Lying in the Depression Chamber, I thought about how, over the years, Cohen has been a source of bonding in some relationships — and a salve when they didn’t work out. I was married to someone once. We both loved Cohen. But our record collections sat next to one another, never fully integrating — a fitting metaphor for our time together. I remember her copy of New Skin for the Old Ceremony, its arrestingly sexual tarot figures are burned in my brain. Though I already knew most of the songs on the album, the cover art was new to me (I came of age listening to digitized music). The one song I hadn’t known contains the shouted line:
“Is this what you wanted… to live in a house that is haunted… by the ghost… of you and me!?”

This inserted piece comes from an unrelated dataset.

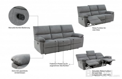 Aukštas geros kokybės, patogus sėdėti komplektas, spyruoklinis blokas,dengtas geros kokybės audiniu , trivietė ir dvivietė sofa turi po du mechaninius reglainerius.

After she was gone, taking the record with her, the song and its ghosts lingered. But Cohen’s voice provided comfort in its immortalization of private tragedy. It was a necessary meditation on humility, with echoes of a raw anger that was all too familiar. Perhaps Leonard Cohen’s music creates a bubble in which to feel and exorcise those emotions, like a safe space, but maybe more like Folman envisions, a depression chamber.
George Fok, “Passing Through,” 2017. Multichannel video installation, black-and-white and colour with sound, 56 min., 15 sec. Installation view of the exhibition Leonard Cohen: A Crack in Everything, organized by the Musée d’art contemporain de Montréal, and presented at the Jewish Museum, New York, from April 12- September 8, 2019. Courtesy of the artist and archival images © CBC/Radio-Canada. Photo: Frederick Charles.
Artist George Fok’s multichannel video installation, Passing Through, pieces together interviews from the Canadian Broadcasting Corporation. In one of these clips, Cohen says his words are no more or less functional than instructions found on a canister of shoe polish. When the interviewer then asks why a writer would choose to compose one over the other, with all humility, Cohen responds:
“It depends… If you want people to have shiny shoes, you want to write those kind of very good instructions, and if you want to polish other parts of yourself, you do it with poetry.”
In creating my own artwork in response to this show, I thought about the varieties of polish Cohen has provided audiences over the course of his career, the subtle varieties of shades and, best of all, their contradictions, which layer humor over heartache, explore beauty beside evil, and in doing so, aim to clean out some very hard to reach parts of our being.